Problem to work on:
The answer is the first line of the listing and every line after it through the one containing "2If this is", exact, with pictures removed.

Dataset excerpt:
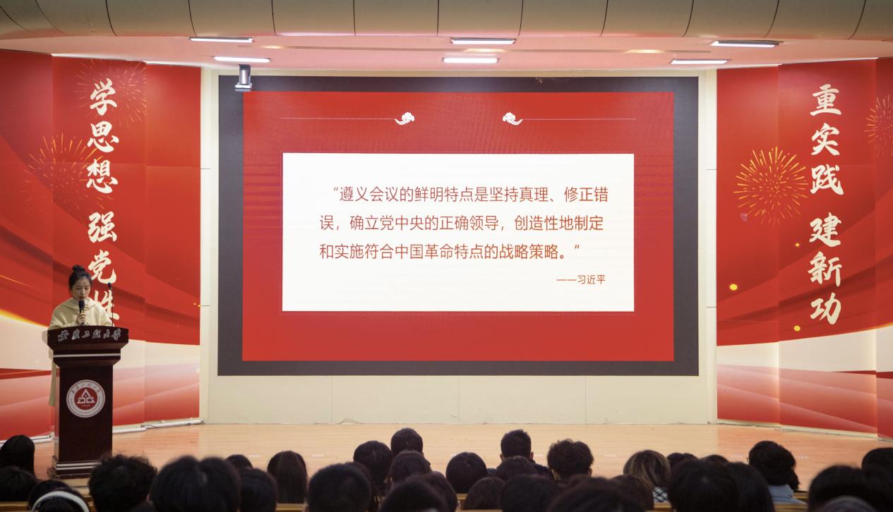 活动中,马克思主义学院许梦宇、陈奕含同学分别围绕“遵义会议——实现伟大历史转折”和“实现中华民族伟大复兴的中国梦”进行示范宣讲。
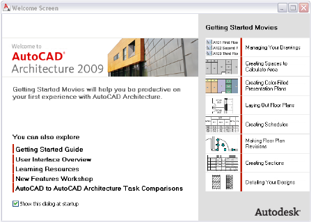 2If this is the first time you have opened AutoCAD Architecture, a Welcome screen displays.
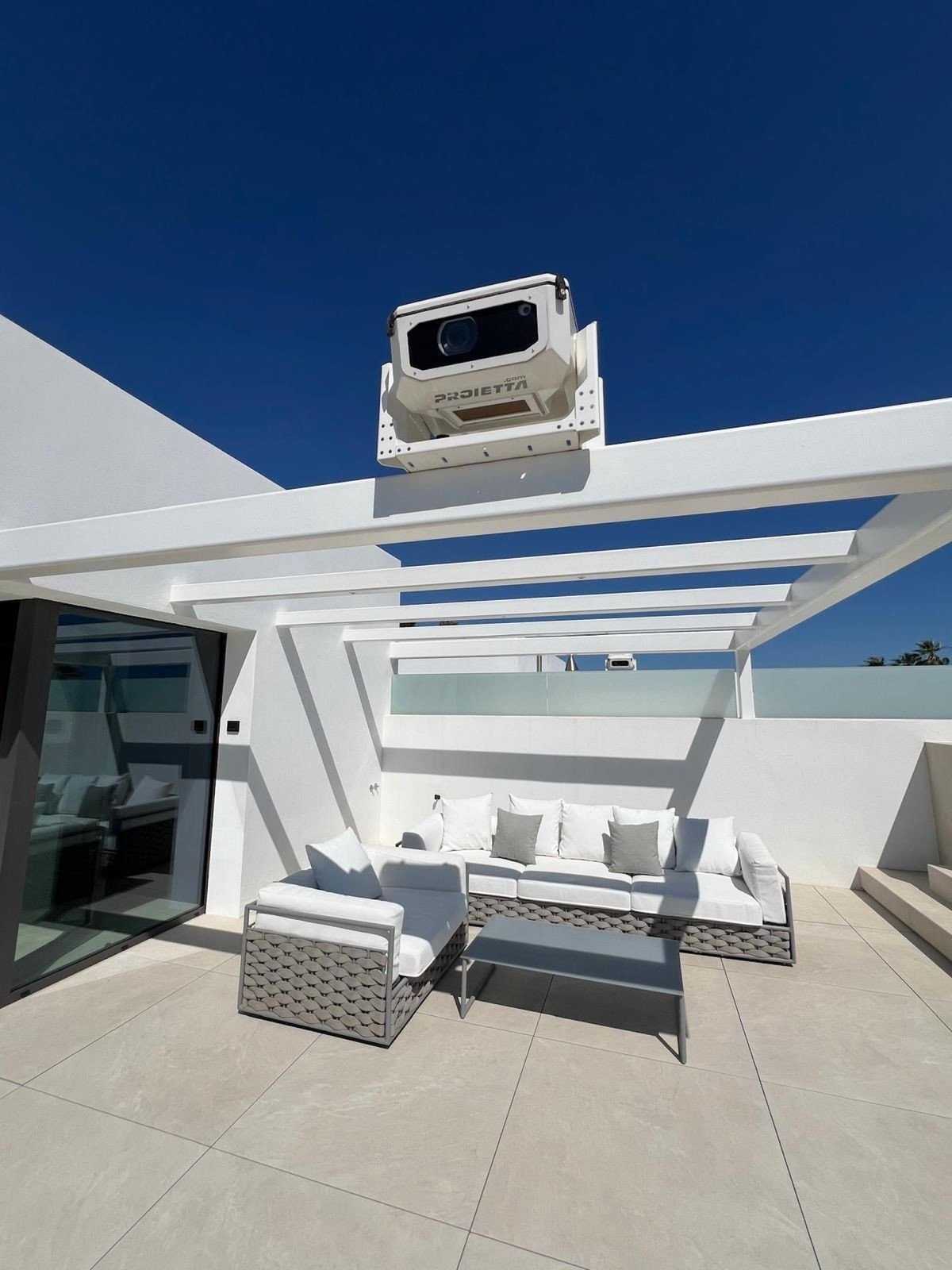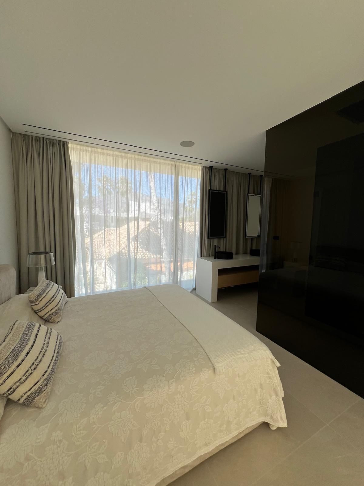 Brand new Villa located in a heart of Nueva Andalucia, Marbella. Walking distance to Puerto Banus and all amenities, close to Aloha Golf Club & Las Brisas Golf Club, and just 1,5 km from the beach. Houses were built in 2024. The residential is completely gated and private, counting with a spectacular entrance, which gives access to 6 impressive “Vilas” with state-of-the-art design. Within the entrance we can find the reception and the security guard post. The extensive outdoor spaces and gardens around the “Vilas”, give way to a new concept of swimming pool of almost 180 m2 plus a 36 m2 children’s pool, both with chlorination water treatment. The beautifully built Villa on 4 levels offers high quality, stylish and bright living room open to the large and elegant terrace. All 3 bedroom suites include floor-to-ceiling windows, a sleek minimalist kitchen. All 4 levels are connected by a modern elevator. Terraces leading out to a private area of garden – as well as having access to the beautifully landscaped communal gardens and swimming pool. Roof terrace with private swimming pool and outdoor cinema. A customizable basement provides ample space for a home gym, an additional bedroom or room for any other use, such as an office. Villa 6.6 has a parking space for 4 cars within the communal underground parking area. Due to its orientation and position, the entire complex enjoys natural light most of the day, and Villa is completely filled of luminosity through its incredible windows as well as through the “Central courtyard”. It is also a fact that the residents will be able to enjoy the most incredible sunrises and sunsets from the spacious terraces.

Answer to this problem:
 活动中,马克思主义学院许梦宇、陈奕含同学分别围绕“遵义会议——实现伟大历史转折”和“实现中华民族伟大复兴的中国梦”进行示范宣讲。
 2If this is the first time you have opened AutoCAD Architecture, a Welcome screen displays.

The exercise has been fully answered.